Certains compositeurs vont comprendre l'importance de travailler dans un rapport étroit
avec la fabrication du film en elle-me. Ils se soucient des dialogues, des bruits d'ambiance, de
la couleur générale du film. Pour la musique de Citizen Kane d'Orson Welles, en 1940, Bernard
Herrmann travaille de manière très suivie avec le monteur du film, pour faire en sorte que sa
musique "colle" le mieux possible aux images. Les compositeurs choisissent maintenant les
instruments présents dans leurs compositions en fonction du film, et de son ambiance. Certaines
combinaisons instrumentales sont inattendues, mais fonctionnent à merveille. L'unité du film est
ainsi obtenue par des moyens purement instrumentaux. Après la première décennie du cinéma
sonore, on commence à voir la possibilité de se débarrasser de la thématique. On s'aperçoit qu'il
n'est plus nécessaire de se soucier d'une quelconque thématique générale pour écrire la musique
d'un film. En 1968 Stanley Kubrick, dans son film 2001, l'Odyssée de l'Espace utilise de la
musique classique pour ce film de science fiction. L'association fonctionne très bien car la
musique complète le contenu du film au lieu de le paraphraser. La musique se doit en effet de
participer au rythme du film par ses interventions et ses commentaires, plutôt que de le répéter.

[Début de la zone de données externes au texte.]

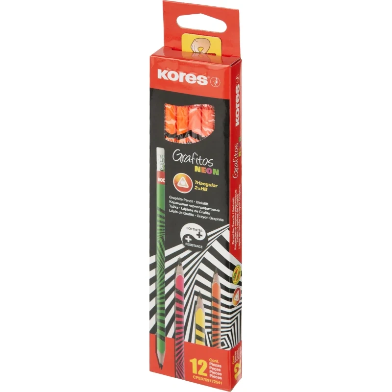 Карандаш чернографитный Kores Grafitos Neon HB, с ластиком

Le film peut ainsi acquérir une nouvelle dimension, et une nouvelle profondeur. La musique pour
le cinéma est réellement une discipline artistique spécifique, très différente de la composition
pure.
(1): C'est le même principe qui sert aujourd'hui à faire les doublages d'un film ou d'un dessin animé: la bande rythmo.
(2): Le disque était lu par un pickup déclenché au moyen d'une encoche sur la pellicule. L'inconvénient était que les
disques de cette époque, en 75 tours n'étaient capables de ne contenir que 4 minutes pour chaque face.
(3): D'après une enquête réalisée dans les années 80, concernant deux cents compositions originales pour le cinéma
et la télévision, un compositeur a, entre le moment de la première vision du film et la date d'enregistrement de la
musique, un délai de quatre semaines maximum pour 60% des films produits. Seulement 10% des films tournés
accordent un délai de dix semaines au compositeur.